Records excerpted from a collection
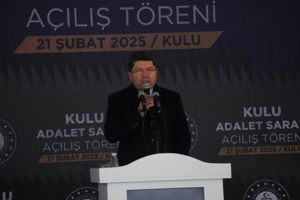 Konya'ya gelen Adalet Bakanı Yılmaz Tunç, Kulu ilçesinde yapımı tamamlanan Kulu Adalet Sarayı'nın açılış programına katıldı Burada konuşan Bakan Tunç, "Bugün 23 yıldan önceki o eski Türkiye geride kaldı ve bugünkü Türkiye daha yüksek standartlı hukuk devleti ilkesinin tahkim edildiği, temel hak ve özgürlüklerinin en geniş anlamıyla yaşanılabildiği bir ülke haline geldi. Bu, Cumhurbaşkanımız Recep Tayyip Erdoğan ve ona güvenen milletimiz sayesinde bu noktaya geldi. Biz milletimize şükran borçluyuz. Bu mücadeleyi yaparken çok engellemelerle karşılaştık. Muhtıralarla karşılaştık, 27 Nisan bildirisi, o gün neredeydi bugünkü konuşanlar? Bugün Türkiye'de hukuk devleti ilkesinin hakim olmadığı yönünde kara propaganda yapmaya çalışanlar 27 Nisan bildirisine karşı ne söylediler? Bu ülkede iktidar partisine karşı bir kapatma davası açıldığında sesleri çıktı mı bunların? Gezi olaylarıyla bu ülkeyi kaos ortamına sürüklemeye çalışanlar o terör paçavralarını, kültür merkezinin o Taksim'de binalara asanlara karşı o sivil toplum kuruluşları, bir çift laf söyleyebildiler mi? 17-25 Aralık'ta, 15 Temmuz hain darbe kalkışmasında ne söyleyebildiler? Bu ülkede demokrasiye sahip çıkma noktasında, millet iradesine sahip çıkma noktasında bir şey söylediler mi? Bugün çıkıp 3 tane hakaret soruşturması nedeniyle hukuk devletinin olmadığını, bu ülkede hukuk güvenliğinin olmadığını söylemek insafsızlıktır. Bu ülkeye, Türkiye Cumhuriyeti Devleti'ne ve bu millete hakarettir" ifadelerini kullandı.
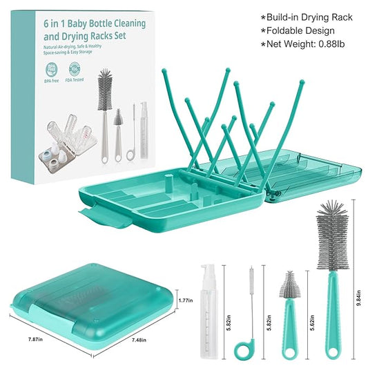 Bottle Brush Set -Baby Travel Essential-6 in 1 Bottle Cleaner Kit with Silicone Bottle Brush,Nipple Cleaner Brush,Straw Brush,Soap Dispenser,Storage Box,Bottle Drying Rack for Home and Travel(Green)
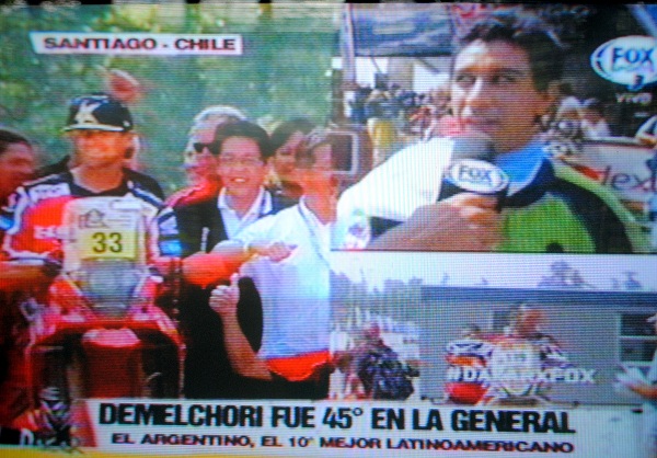 Asimismo, y como lo destacó la trasmisión oficial del Rally Dakar, a través del canal FOX Sports, directamente desde la capital chilena, Santiago, Demelchori fue el 10mo. mejor latinoamericano.
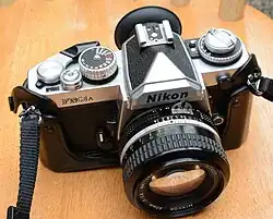 The Nikon FM3A is an interchangeable-lens, focal-plane shutter, 35 mm film, single-lens reflex (SLR) camera. It was manufactured by Nikon Corporation in Japan, on small-volume assembly lines, from 2001 to 2006. The camera was available in two colours: all black and satin chrome. The introductory US list price for the chrome body only (no lens) was $820.
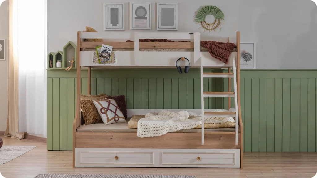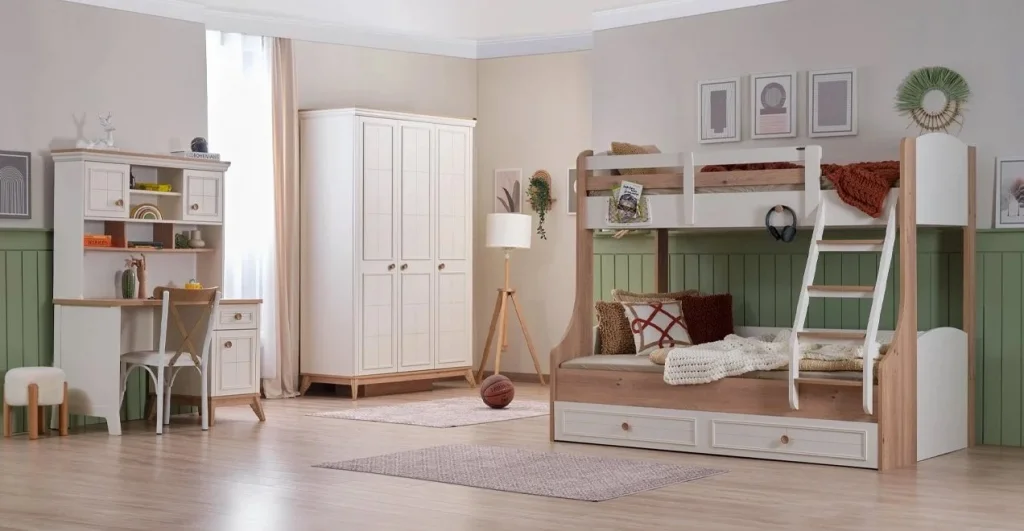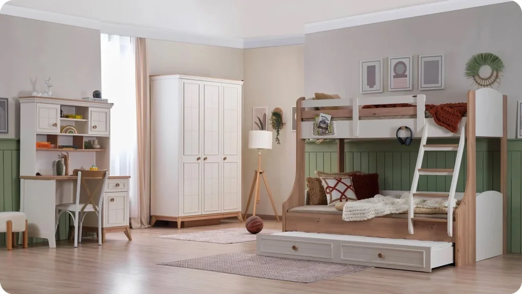Takım İçeriğiGardrop (3 Kapaklı) + Ranza + Çalışma masası (alt)
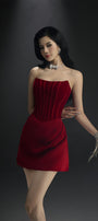 Corset design, Pleated on waist to create creases, Padded chest, Back zipper
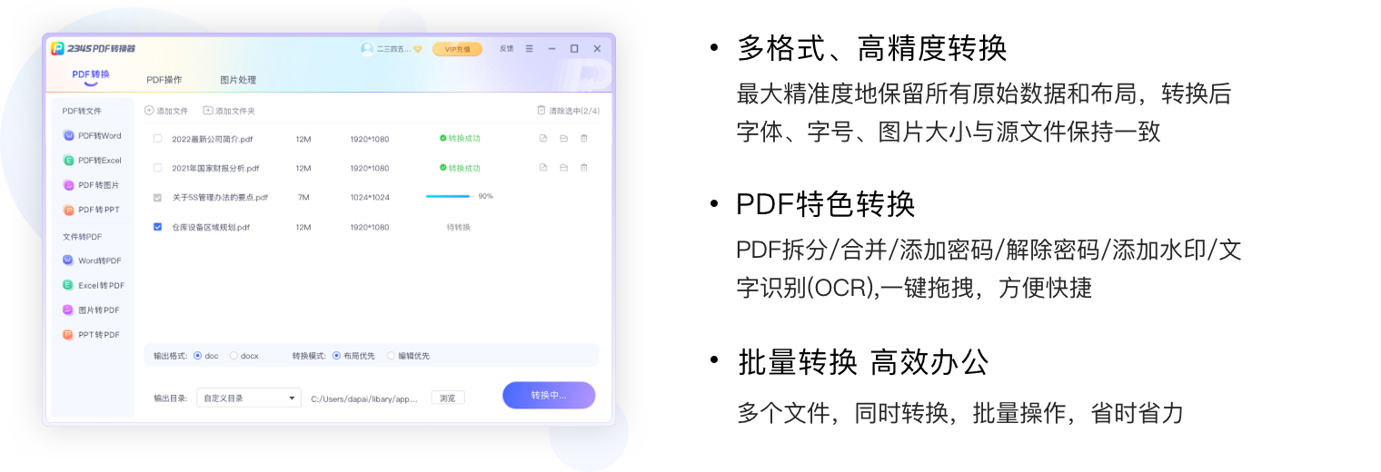2345PDF轉(zhuǎn)換器,是一款功能強大、操作簡單的PDF轉(zhuǎn)換軟件,支持PDF文檔和Word、PPT、Excel、圖片等文檔多種格式之間的互轉(zhuǎn);同時支持PDF拆分、PDF合并、PDF添加和解除密碼、圖片處理以及OCR文字識別等功能。文件轉(zhuǎn)換格式豐富、轉(zhuǎn)換質(zhì)量好、產(chǎn)品界面操作便捷,是新一代文件格式轉(zhuǎn)換工具。 了解更多
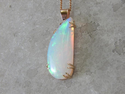Metal: 14K Yellow and Rose Gold Gem: Opal 22.56 Carats Gem Measurements: 35.5 x 15.6 mm, Pear Marks: "14K" Stamped on the reverse
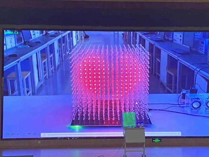 ▲电子焊接加编程控制制作3D16光立方《匠心向党 光耀四方》 指导教师:隋雨君 徐莹莹
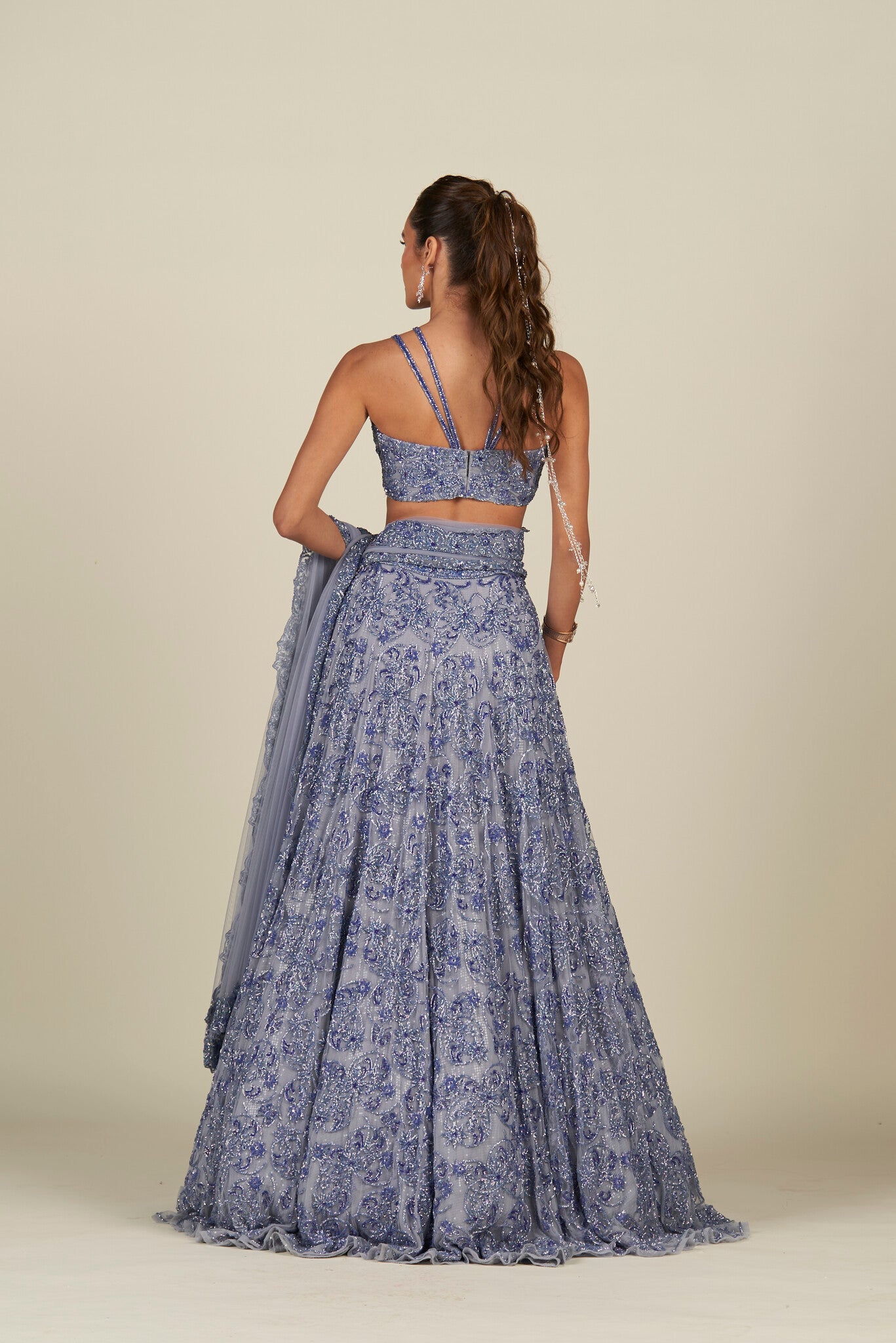 Featuring a blue hand embroidered lehenga, meticulously hand-embroidered on tulle fabric with sequin, cutdana and crystal detailing. Paired with a sequin detailed matching dupatta with embroidery on all four sides.
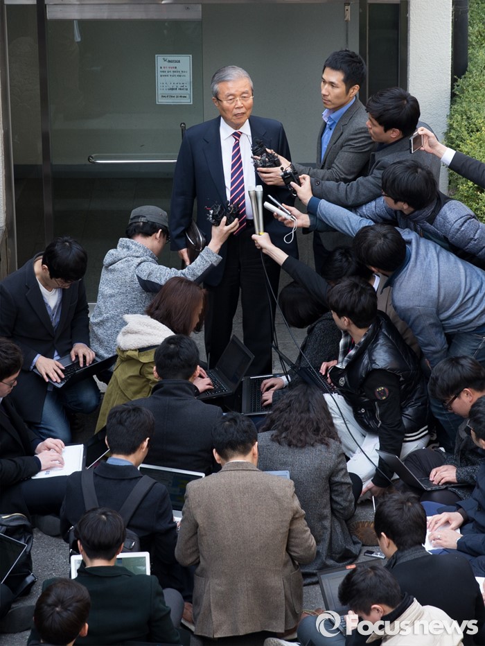 | △ 취재진 질문 답하는 김종인 |
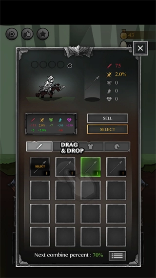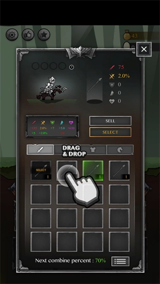 4、装备升级的方式十分简单,运用合成玩法,只要把相同的武器拖拽到一起,就能完成合成与升级。
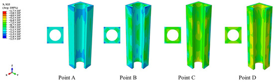 3.2. The Pattern of Longitudinal Stress Distribution Within the Concrete During the Loading Process
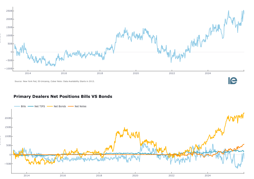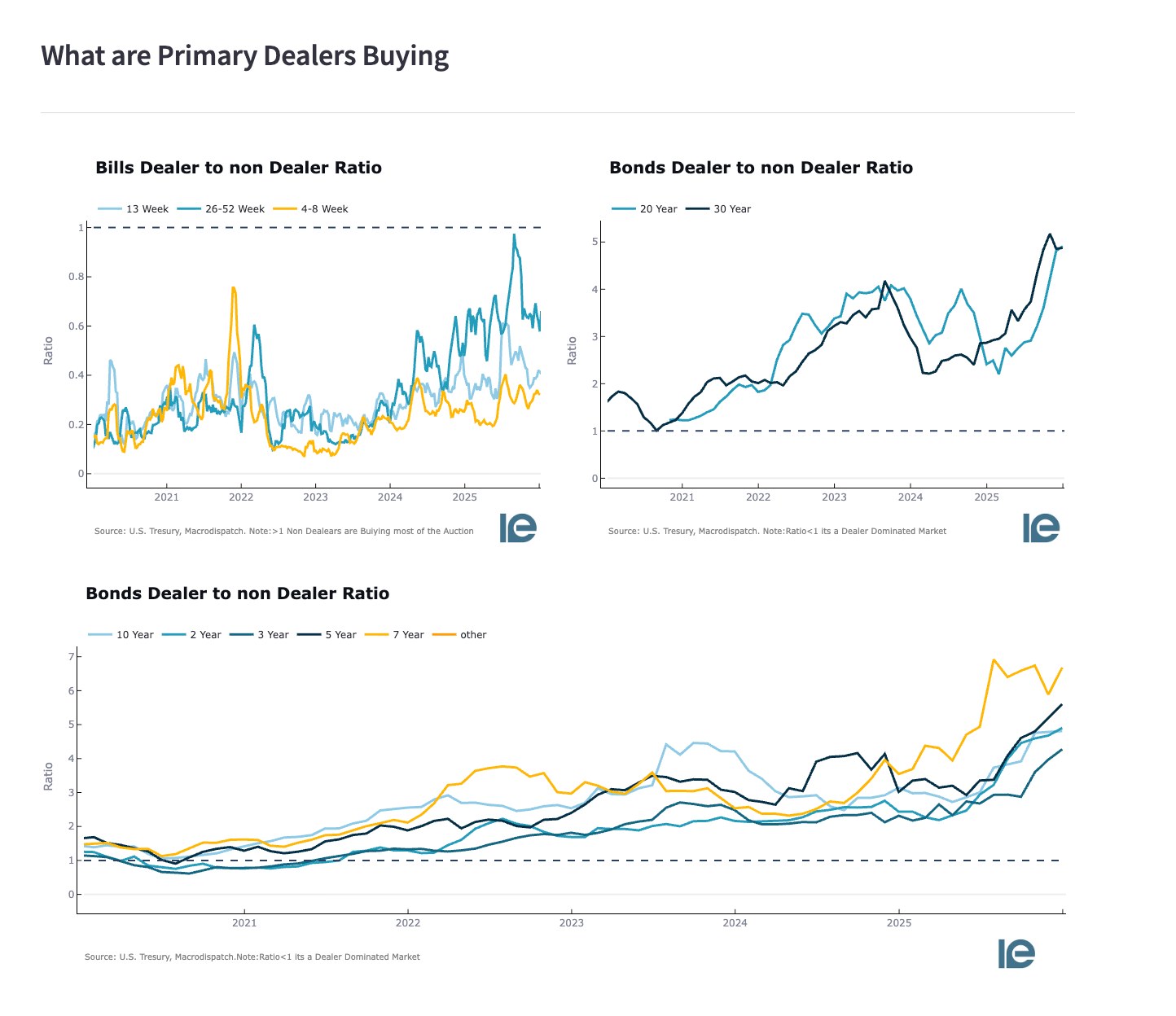 These are elevated levels. Dealers are required to bid as primary dealers, but these ratios tell you they're absorbing larger shares of issuance while other buyers step back.
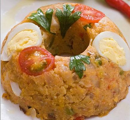 Numa forma de bolo com furo no meio, coloque fatias de ovo cozido, tomate cru e palmito em fatias também. Estes ingredientes servirão como decoração do cuscuz, pelo que são opcionais.
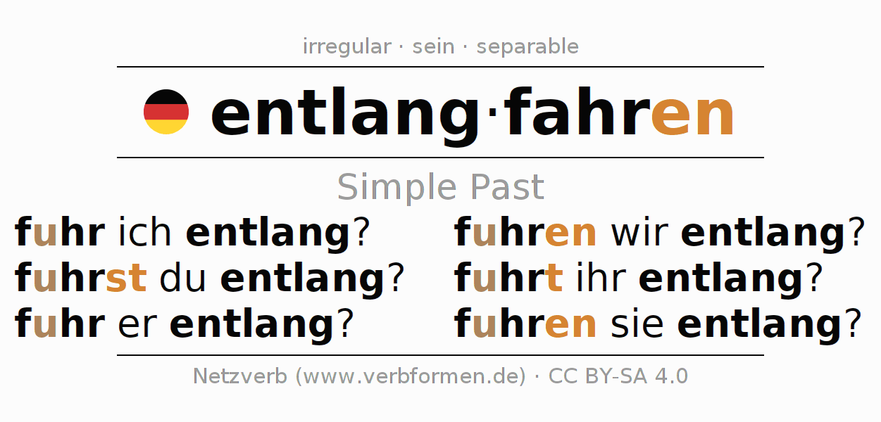 The conjugation of entlangfahren in Imperfect Indicative Past Active is fuhr ich entlang?, fuhrst du entlang?, fuhr er entlang?, fuhren wir entlang?, fuhrt ihr entlang?, fuhren sie entlang?.The conjugation corresponds to certain grammatical rules. Likewise the requirements for the conjugation of the simple verb forms of entlangfahren in Imperfect. Comments ☆
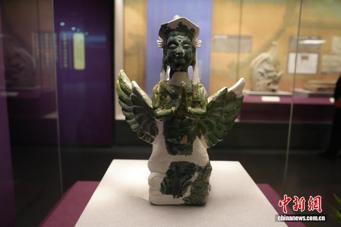 4月15日,“贺兰山下桃花石——西夏历史文化特展”在河南博物院开展。图为西夏文物绿琉璃迦陵频伽。 王宇 摄
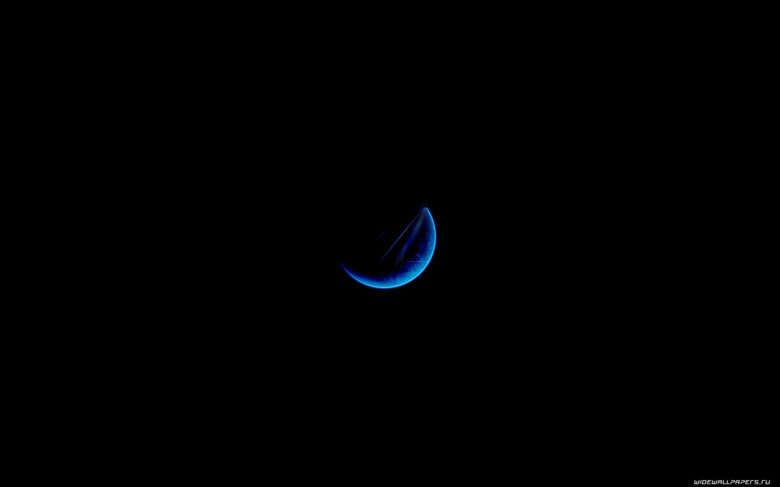 Обои Половинка голубой луны на черном фоне
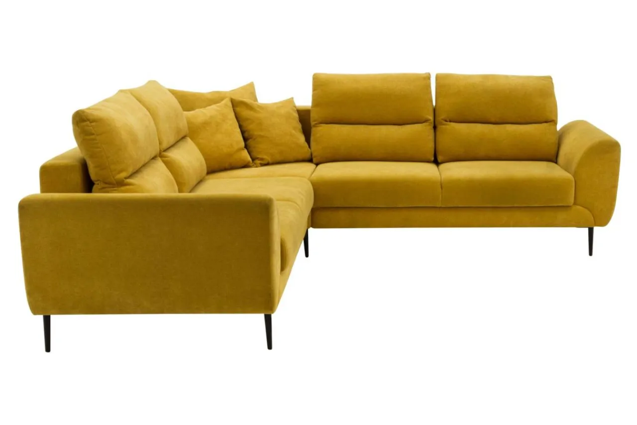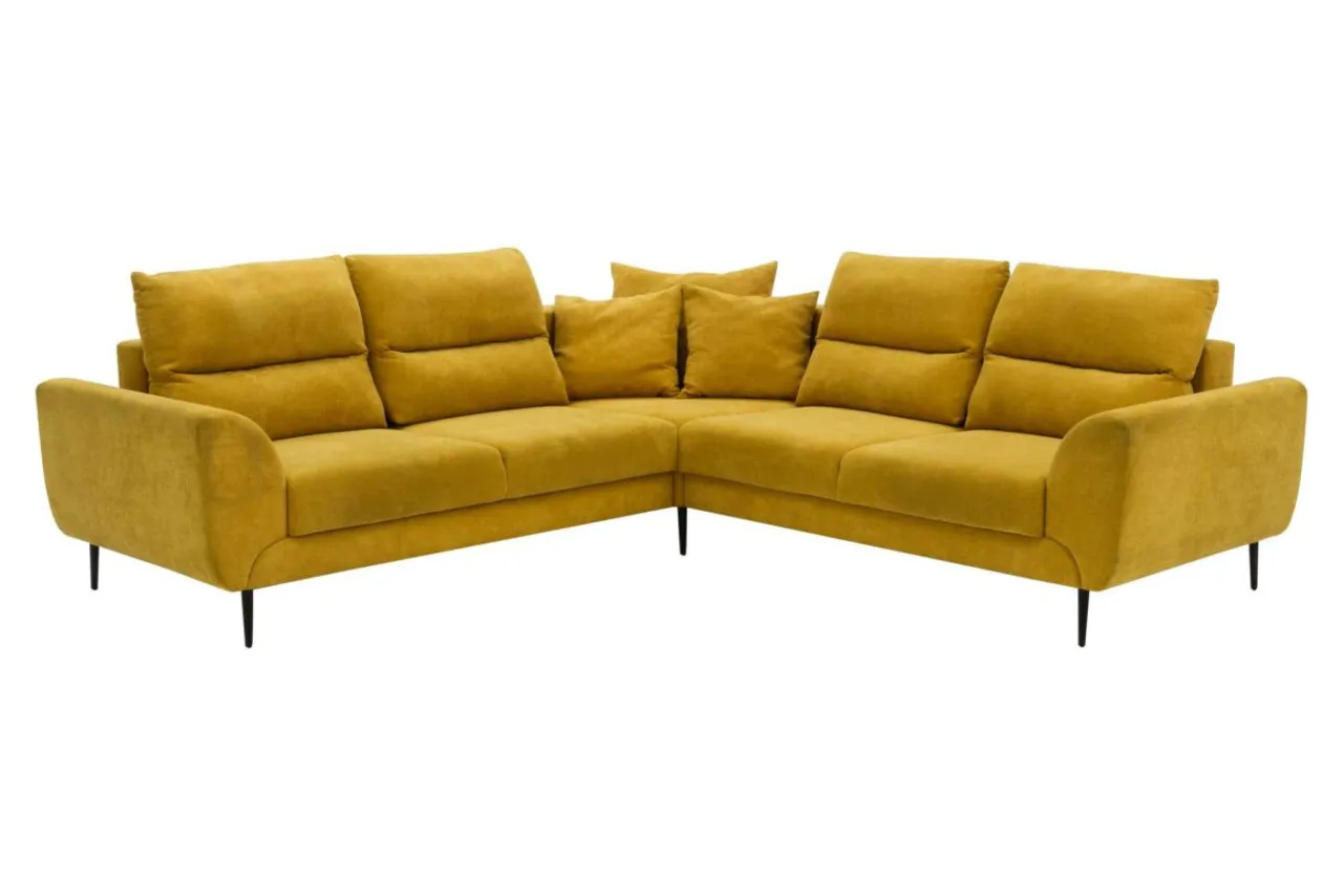 Poziome linie na poduszkach pełnią rolę nie tylko wizualną, ale przede wszystkim zwiększają ergonomię podparcia i zapobiegają migracji pianek. Element rogowy wypełniony trzema poduszkami dekoracyjnymi pozwala na tworzenie różnych aranżacji.
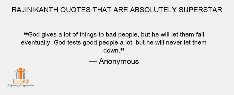 God gives a lot of things to bad people, but he will let them fail eventually. God tests good people a lot, but he will never let them down.

*WHAT THE TASK REQUIRES*. A verbatim copy of the records is expected, from their first line through the line with "The Nikon FM3A", inclusive, with the pictures removed.

*EXERCISE OUTPUT*.
 Konya'ya gelen Adalet Bakanı Yılmaz Tunç, Kulu ilçesinde yapımı tamamlanan Kulu Adalet Sarayı'nın açılış programına katıldı Burada konuşan Bakan Tunç, "Bugün 23 yıldan önceki o eski Türkiye geride kaldı ve bugünkü Türkiye daha yüksek standartlı hukuk devleti ilkesinin tahkim edildiği, temel hak ve özgürlüklerinin en geniş anlamıyla yaşanılabildiği bir ülke haline geldi. Bu, Cumhurbaşkanımız Recep Tayyip Erdoğan ve ona güvenen milletimiz sayesinde bu noktaya geldi. Biz milletimize şükran borçluyuz. Bu mücadeleyi yaparken çok engellemelerle karşılaştık. Muhtıralarla karşılaştık, 27 Nisan bildirisi, o gün neredeydi bugünkü konuşanlar? Bugün Türkiye'de hukuk devleti ilkesinin hakim olmadığı yönünde kara propaganda yapmaya çalışanlar 27 Nisan bildirisine karşı ne söylediler? Bu ülkede iktidar partisine karşı bir kapatma davası açıldığında sesleri çıktı mı bunların? Gezi olaylarıyla bu ülkeyi kaos ortamına sürüklemeye çalışanlar o terör paçavralarını, kültür merkezinin o Taksim'de binalara asanlara karşı o sivil toplum kuruluşları, bir çift laf söyleyebildiler mi? 17-25 Aralık'ta, 15 Temmuz hain darbe kalkışmasında ne söyleyebildiler? Bu ülkede demokrasiye sahip çıkma noktasında, millet iradesine sahip çıkma noktasında bir şey söylediler mi? Bugün çıkıp 3 tane hakaret soruşturması nedeniyle hukuk devletinin olmadığını, bu ülkede hukuk güvenliğinin olmadığını söylemek insafsızlıktır. Bu ülkeye, Türkiye Cumhuriyeti Devleti'ne ve bu millete hakarettir" ifadelerini kullandı.
 Bottle Brush Set -Baby Travel Essential-6 in 1 Bottle Cleaner Kit with Silicone Bottle Brush,Nipple Cleaner Brush,Straw Brush,Soap Dispenser,Storage Box,Bottle Drying Rack for Home and Travel(Green)
 Asimismo, y como lo destacó la trasmisión oficial del Rally Dakar, a través del canal FOX Sports, directamente desde la capital chilena, Santiago, Demelchori fue el 10mo. mejor latinoamericano.
 The Nikon FM3A is an interchangeable-lens, focal-plane shutter, 35 mm film, single-lens reflex (SLR) camera. It was manufactured by Nikon Corporation in Japan, on small-volume assembly lines, from 2001 to 2006. The camera was available in two colours: all black and satin chrome. The introductory US list price for the chrome body only (no lens) was $820.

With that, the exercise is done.